● **WORK TO BE COMPLETED**
Leave out each picture. Repeat everything else in the records exactly.

● **EXERCISE MATERIAL**
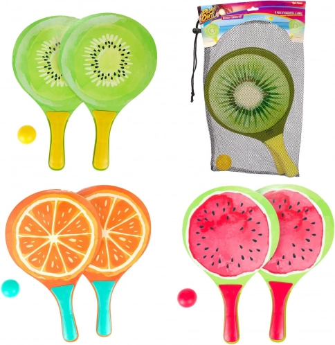 Dieses beliebte Strandtennis-Set kombiniert frische Obstdesigns mit hervorragender Handhabung. Dank der leichten Schläger und dem weichen Ball ist es ideal für Kinder ab 3 Jahren sowie Erwachsene, die eine unkomplizierte, aber unterhaltsame Bewegung im Freien suchen. Der praktische Netzbeutel ermöglicht schnelles Abtrocknen und einfaches Mitnehmen.
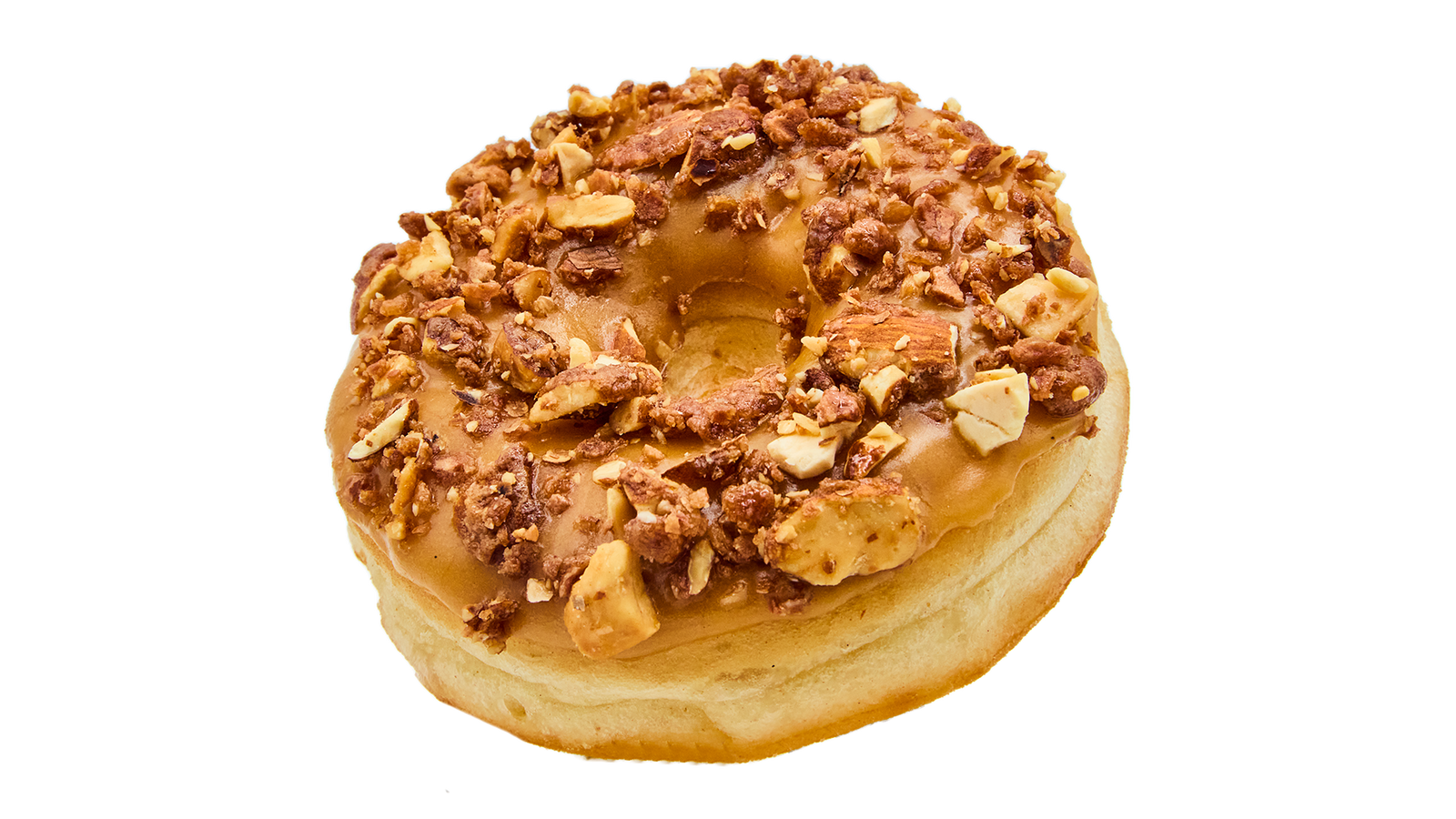 Wie ein Weihnachtsmarkt in Donutform. Ein fluffiger Ring-Donut, glasiert mit Karamell und getoppt mit knusprigen gebrannten Mandeln. Süß, nussig und das Beste am Winter.
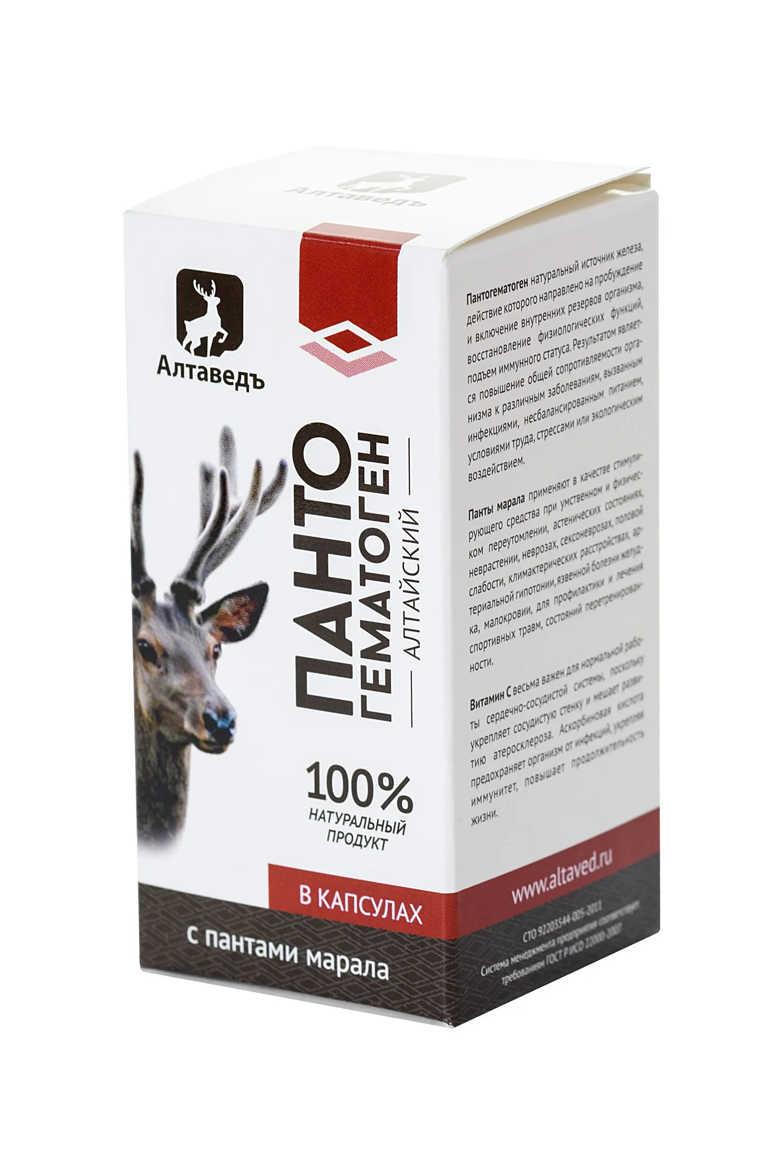 Капсулы “Пантогематоген” от АлтаВедъ — природный биостимулятор, пробуждающий внутренние резервы организма и восстанавливающий физиологические функции. увеличивает потенцию и усиливает эрекцию мужчин повышает либидо у женщин обладает общеукрепляющим и иммуномодулирующим эффектом стимулирует работу сердечно-сосудистой системы регулирует артериальное давление понижает холестерин устраняет зашлакованность организма питает мозг кислородом и делает память лучше улучшает работоспособность и выносливость уменьшает уровень стресса при перенапряжении (физическом и умственном) замедляет процесс старения половой системы и организма в целом эффективен при лечении опорно-двигательной и центральной нервной систем способствует регенерации тканей (в том числе костей) Полностью натуральный состав — пантогематоген сухой (кровь марала), панты марала сухие, витамин С. Панты марала помогают справиться с переутомлением, половой слабостью, неврозом. Пантогематоген – натуральный источник железа, пробуждает и поднимает иммунитет. Витамин С важен для нормальной работы сердечно-сосудистой системы. Рекомендации по применению: употреблять внутрь по 1 капсуле 3 раза в день во время еды, запивая жидкостью (вода, чай, сок). Противопоказания: Индивидуальная непереносимость компонентов. Форма выпуска: 30 капсул массой 0,5 г БАД, НЕ ЯВЛЯЕТСЯ ЛЕКАРСТВОМ.
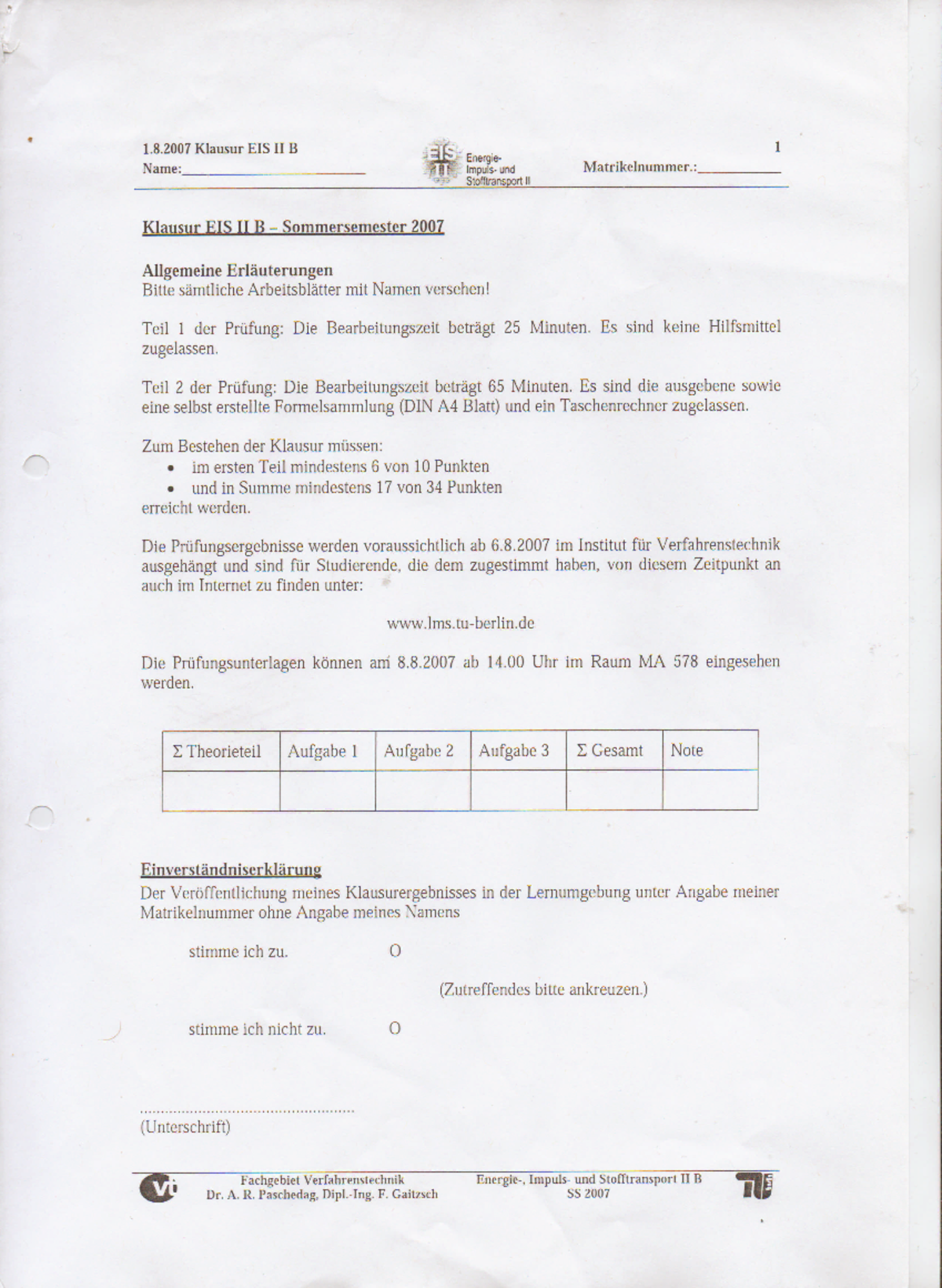 Klausur 1 August 2007 Aufgaben 0331 L 040 Tu Berlin Studocu
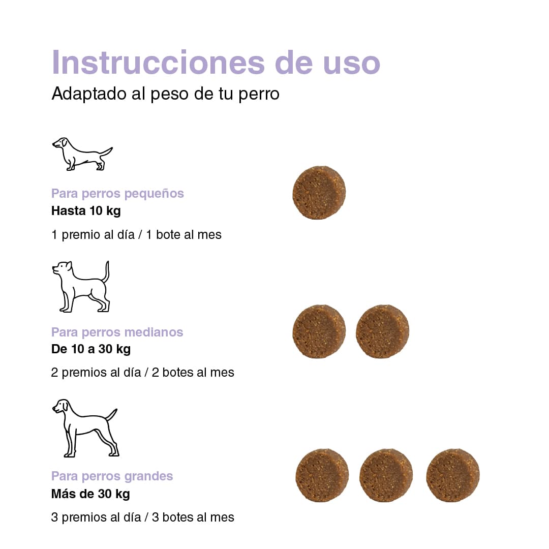 Los premios funcionan, mi perro está menos nervioso. La única desventaja es que debo pedirlos con antelación porque se agotan rápido.
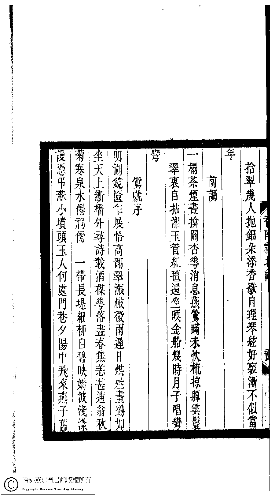 | Appears in: Xiao tan luan shi hui ke gui xiu ci: 10 ji 100 zhong 100 juan (edited by Xu Naichang, Qing dynasty): Xiang nan xue bei ci: 1 juan |
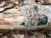 Satrūdējusi kritala mežā, nav dēļi. Iespējams, egle, jauktu koku mežs.

● **ANSWER BELOW**
 Dieses beliebte Strandtennis-Set kombiniert frische Obstdesigns mit hervorragender Handhabung. Dank der leichten Schläger und dem weichen Ball ist es ideal für Kinder ab 3 Jahren sowie Erwachsene, die eine unkomplizierte, aber unterhaltsame Bewegung im Freien suchen. Der praktische Netzbeutel ermöglicht schnelles Abtrocknen und einfaches Mitnehmen.
 Wie ein Weihnachtsmarkt in Donutform. Ein fluffiger Ring-Donut, glasiert mit Karamell und getoppt mit knusprigen gebrannten Mandeln. Süß, nussig und das Beste am Winter.
 Капсулы “Пантогематоген” от АлтаВедъ — природный биостимулятор, пробуждающий внутренние резервы организма и восстанавливающий физиологические функции. увеличивает потенцию и усиливает эрекцию мужчин повышает либидо у женщин обладает общеукрепляющим и иммуномодулирующим эффектом стимулирует работу сердечно-сосудистой системы регулирует артериальное давление понижает холестерин устраняет зашлакованность организма питает мозг кислородом и делает память лучше улучшает работоспособность и выносливость уменьшает уровень стресса при перенапряжении (физическом и умственном) замедляет процесс старения половой системы и организма в целом эффективен при лечении опорно-двигательной и центральной нервной систем способствует регенерации тканей (в том числе костей) Полностью натуральный состав — пантогематоген сухой (кровь марала), панты марала сухие, витамин С. Панты марала помогают справиться с переутомлением, половой слабостью, неврозом. Пантогематоген – натуральный источник железа, пробуждает и поднимает иммунитет. Витамин С важен для нормальной работы сердечно-сосудистой системы. Рекомендации по применению: употреблять внутрь по 1 капсуле 3 раза в день во время еды, запивая жидкостью (вода, чай, сок). Противопоказания: Индивидуальная непереносимость компонентов. Форма выпуска: 30 капсул массой 0,5 г БАД, НЕ ЯВЛЯЕТСЯ ЛЕКАРСТВОМ.
 Klausur 1 August 2007 Aufgaben 0331 L 040 Tu Berlin Studocu
 Los premios funcionan, mi perro está menos nervioso. La única desventaja es que debo pedirlos con antelación porque se agotan rápido.
 | Appears in: Xiao tan luan shi hui ke gui xiu ci: 10 ji 100 zhong 100 juan (edited by Xu Naichang, Qing dynasty): Xiang nan xue bei ci: 1 juan |
 Satrūdējusi kritala mežā, nav dēļi. Iespējams, egle, jauktu koku mežs.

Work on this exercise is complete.